◆ RECORDS FOR THIS TASK ◆
BEGIN
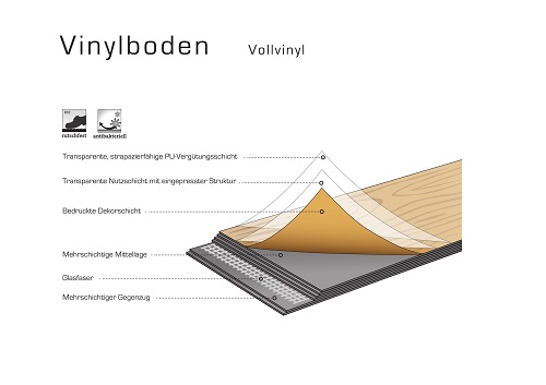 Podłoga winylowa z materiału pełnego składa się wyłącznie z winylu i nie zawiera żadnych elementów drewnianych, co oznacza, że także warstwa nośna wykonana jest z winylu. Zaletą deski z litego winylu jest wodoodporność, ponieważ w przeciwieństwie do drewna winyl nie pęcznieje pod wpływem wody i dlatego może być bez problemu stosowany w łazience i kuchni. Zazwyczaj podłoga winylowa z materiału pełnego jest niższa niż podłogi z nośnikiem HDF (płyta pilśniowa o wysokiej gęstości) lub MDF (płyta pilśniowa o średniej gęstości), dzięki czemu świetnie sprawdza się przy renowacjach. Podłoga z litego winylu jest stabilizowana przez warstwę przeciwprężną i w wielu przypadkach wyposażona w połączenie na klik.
END
BEGIN
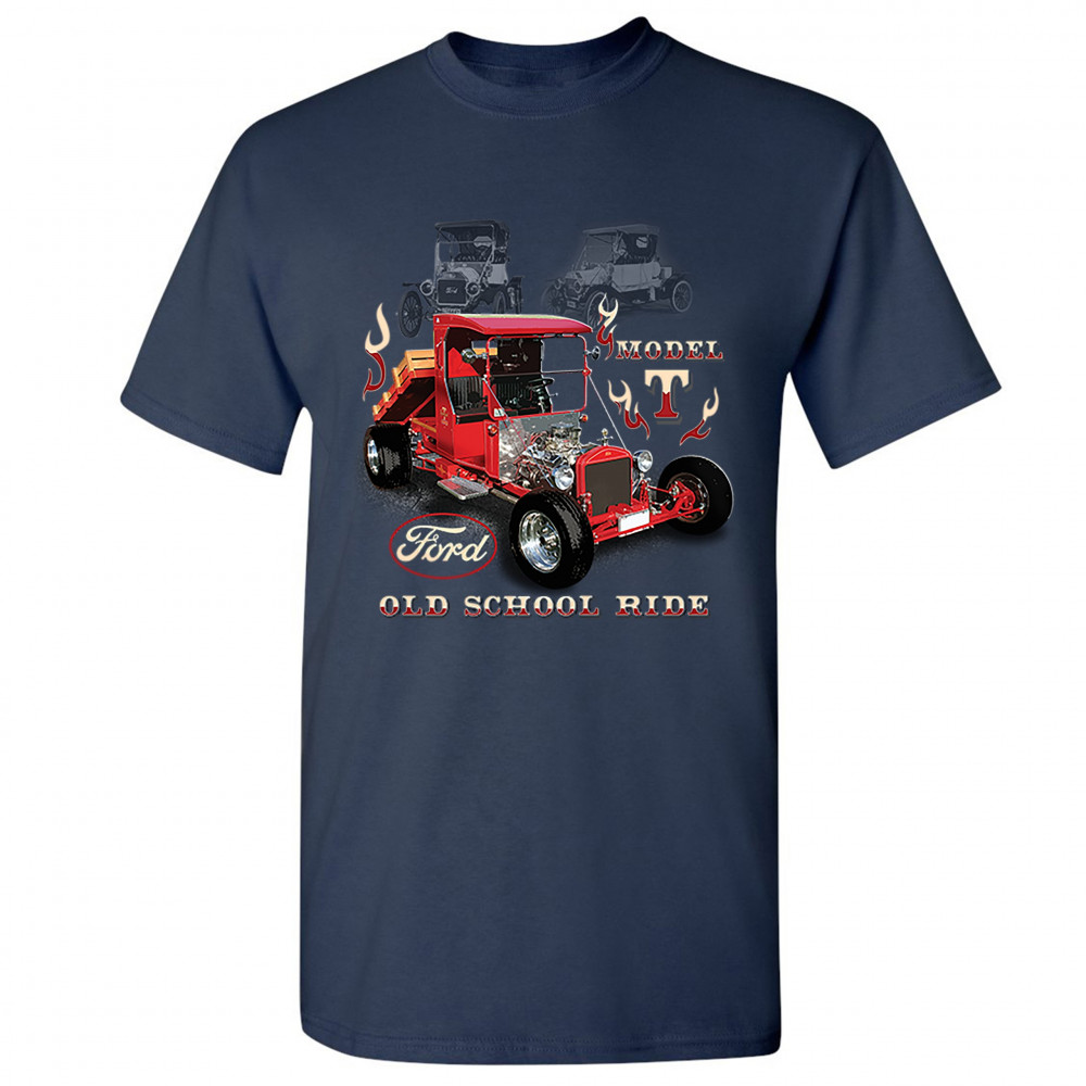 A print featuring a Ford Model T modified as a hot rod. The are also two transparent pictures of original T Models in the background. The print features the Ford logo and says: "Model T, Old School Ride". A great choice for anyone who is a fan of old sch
END
BEGIN
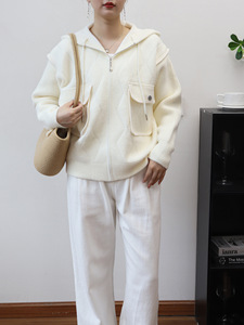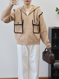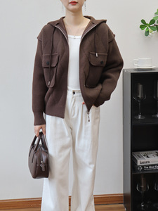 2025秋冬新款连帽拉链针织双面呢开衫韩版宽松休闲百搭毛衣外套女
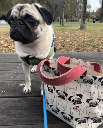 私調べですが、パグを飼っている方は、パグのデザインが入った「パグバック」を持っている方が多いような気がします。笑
END
Above are some records; extract exactly the lines from the one containing "2025秋冬新款连帽拉链针织双面呢开衫韩版宽松休闲百搭毛衣外套女" through the one containing "私調べですが、パグを飼ってい" and drop the pictures.

◆ OUTPUT OF THE EXERCISE ◆
 2025秋冬新款连帽拉链针织双面呢开衫韩版宽松休闲百搭毛衣外套女
 私調べですが、パグを飼っている方は、パグのデザインが入った「パグバック」を持っている方が多いような気がします。笑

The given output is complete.